19路の囲碁を対面で打つ機会は、ほとんどない。年に一度の吉原高校教員OB囲碁会だけになっている。その囲碁会も、コロナ禍のために、本年度は中止することになった。この会も、いつまで継続できるかわからないのが現状だ。約40年の歳月が経過しているが。

 最近、友人のEさんに勧められて、ネット碁を再開し始めた。KGS囲碁で、以前はよく打っていたサイトだ。最盛期には、日本のサイトにも世界から多くの人が来ていた。簡単な英語でチャットした記憶が残っている。アジア及びヨーロッパの人とのコミュニケーションの機会があった。最初は、お互いに日本人とは気づかずにいたこともあった。囲碁人口が減少すると共に、このサイトも賑わいがなくなってしまった。

 Eさんからコンピュータとの対戦が面白く、ネット碁に再びはまっていると聞いた。私がネット碁をできるのは彼のおかげである。彼には、何度もパソコンの設定をやってもらっている。何年ぶりになるかは忘れたが、再び打ち始めている。
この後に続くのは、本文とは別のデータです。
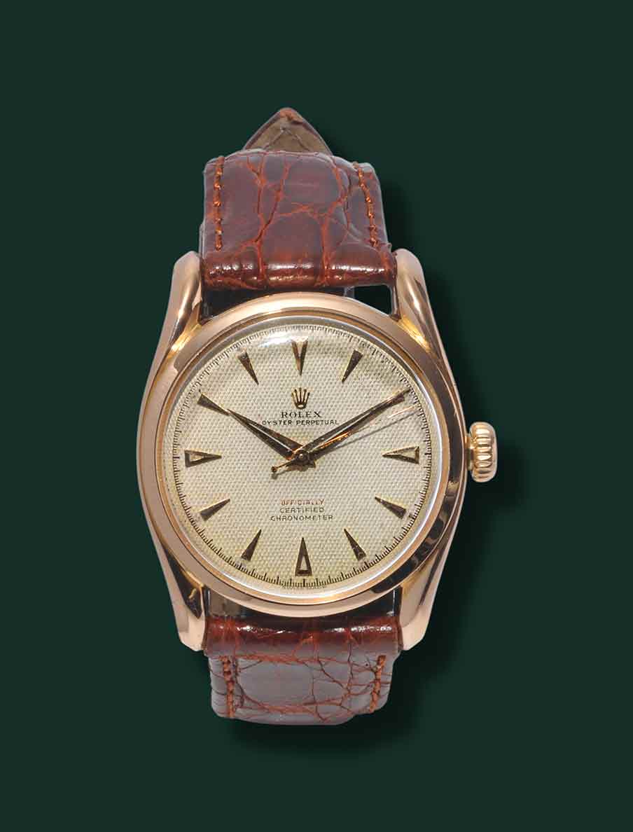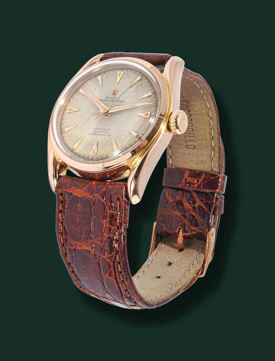 Rolex Oyster Perpetual Bombè, referenza 6090, anno 1952, cassa in oro rosa 18 Kt con diametro 34mm,

ほとんど、対人での対局をしている。感覚だけで打っているのが現状で、自分なりに納得できるゲームは少ない。ゲームを楽しめることができればいいのだが。つい感情的になってしまうことが多くある。冷静さを失うと、全体が見えなくなり、局部的な戦いに陥ってしまう。

 世界のトッププロ棋士がコンピュータ囲碁に敗れてから5~6年が経つ。囲碁の世界で、人間がコンピュータに敗れる時代がこんなに早く来るとは想像もしていなかった。少なからずショックを受けた記憶は忘れることはできない。プロが長い間築いてきた定石は、コンピュータによって崩され、プロの囲碁に対する考え方そのものに大きな影響を与えている。コンピュータ囲碁は、まさに盤上の格闘技と言えるかもしれない。勝つか負けるかの戦いの連続である。たとえ負けても、コンピュータには、「悔しさ」の感情はない。

 コンピュータと人間の違いは何だろうか。人間には、「感情」があり、精神的ストレスや肉体的疲労がある。コンピュータには、それらがないということだ。人間とコンピュータを同次元で比較する意味があるのだろうか。人間とコンピュータは別の世界と考えるべきではないだろうか。

 大阪なおみ選手の会見拒否が話題になり、彼女の「うつ病」の告白が大きな波紋を広げている。アスリートとメンタルヘルスの問題がクローズアップしている。アスリートにとって、「弱みを見せるのは難しい」と言われる。アスリートもやはり「人」であり、精神的には特別な存在ではないことが認識される。アスリートには、強靭な体力と強靭な精神力が求められるが、特別な人間と言うことはできない。「弱さと強さ」を持つ存在が人間ではないか。

 囲碁の世界でも、トッププロ棋士の囲碁観に変化が出ている。勝ち負けだけではない人間らしい囲碁の世界へと。「芸術性」は、人間の内面から生まれてくるもので、感情のないAIからは生まれてくることはない。AIが進化すればするほど、人間の存在が問われるのではないだろうか。